The other way to increase stability is by ensuring that your fixed expenses are as low as possible - and that means eliminating the mortgage payment. I get a certain comfort in knowing that I could subsist on a minimum wage job, even though I hope it won't come to that. (The alternative is having a butt ton of money, which is much harder to do in the short term.)

Once stability is 'maxed out' then you can focus on growing/accumulating wealth. I think you can catch up with that once your fixed expenses are super low.


----------



## Rusty O'Toole (Feb 1, 2012)

Paying down the mortgage is a tax free investment. You paid no tax on the money you borrowed. When you pay it down you pay no tax. If you sell your house and collect your equity in cash, it is tax free if it is your principal residence.

The money you pay down with is after tax but it is the same if you invest it. But your investment returns (if any) are taxed.

If you can make substantially more than 2.9% by investing, you are better off to keep the mortgage and invest the money. 

On the other hand, owning your home free and clear and having no payment is awfully nice.

So, it is a judgement call. A shrewd investor might even increase the mortgage and use the money to invest (Smith maneuver)


----------



## 44545 (Feb 14, 2012)

Another option:

While there's no predicting when and by how much interest rates will move, consider locking in to a fixed rate mortgage, since rates are as low as they'll ever get. Then, if/when rates rise, your mortgage will look even more attractive to "keep on the books" while you take some of the money you could have used to pay it down and invest it.

EDIT - Merry Christmas!


----------



## Jungle (Feb 17, 2010)

I go bi-polar with this sometimes. 

I read an article from the freedom 45 book author how he paid his mortgage off. A picture showed him burning the papers in the fireplace and having a party with family and friends. 

I looked at the annualized return from our oldest portfolio and did the rule of 72. If the average returns continue over the next two years, money will double. 

Mortgage rates are so low right now, making it easier to beat the return with a sound strategy.


----------



## Cal (Jun 17, 2009)

Jungle, do both, vary your tactics depending upon rates and market conditions. I have no doubts you will be successful with whichever route you choose at the time.


----------



## Jungle (Feb 17, 2010)

Thanks Cal.


----------



## feetfats (Jan 3, 2013)

KaeJS said:


> Not only that, but your mortgage rate is only low for now. If you are investing and not paying off your mortgage, you will probably have to go into another term in the future. The term you go into in the future will most likely bear a higher interest rate. That means your effective interest rate is actually higher than the rate you carry now. You must blend all of your future mortgage interest rates to get your real rate. This is the rate you actually need to make in the market, after tax.
> 
> With all that being said - for me, it just makes more sense to pay down the mortgage. After all, it _is_ guaranteed.

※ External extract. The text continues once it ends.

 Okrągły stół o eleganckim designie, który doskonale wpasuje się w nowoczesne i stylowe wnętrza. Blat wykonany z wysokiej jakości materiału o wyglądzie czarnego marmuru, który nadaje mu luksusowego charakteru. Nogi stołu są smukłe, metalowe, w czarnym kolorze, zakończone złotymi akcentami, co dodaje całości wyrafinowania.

Yes, but... if the future mortgage rates go up to the point where they are higher than what you are confident in being able to beat with your investments, then you can start to ease money out of those investments and pay down the mortgage. As long as you did better than the mortgage rate up until this point you would be ahead. 

This is a tricky trade off that I am facing as well. I can hammer on the mortgage to save a guaranteed 3.19% tax free or I can invest in the market within a TFSA to earn ??% tax free. The dividends alone generated by my TFSA at this point in time are about 3.8%. If my stocks stay flat I still win vs paying down the mortgage.

Still not a guarantee like paying down the mortgage though. I have decided to do a bit of both.


----------



## rikk (May 28, 2012)

Franky Jr said:


> I like investing and feel I can exceed 2.4% with the market but I am concerned with the cost of raising 4 teenagers in the future and wonder if I should just focus on the mortgage now hoping to free up cash in the future when the kids get expensive. (up until now I have been doing about half mortgage paydown and half investing).


Fwiw ... the kids don't necessarily have to get expensive, as teenagers they can or rather should be encouraged to help pull their own weight so perhaps that concern can be mitigated. Here's an example, one of my brothers in law has teenagers that do basically nothing ... the brother in law has suffered some setbacks (no help from the teenagers) and as a result has been forced to sell the home ... probably up there in a parents worst nightmares scenarios. You're currently ok with half mortgage, half investing ... why not continue until some event causes you to reconsider, perhaps rebalance.


----------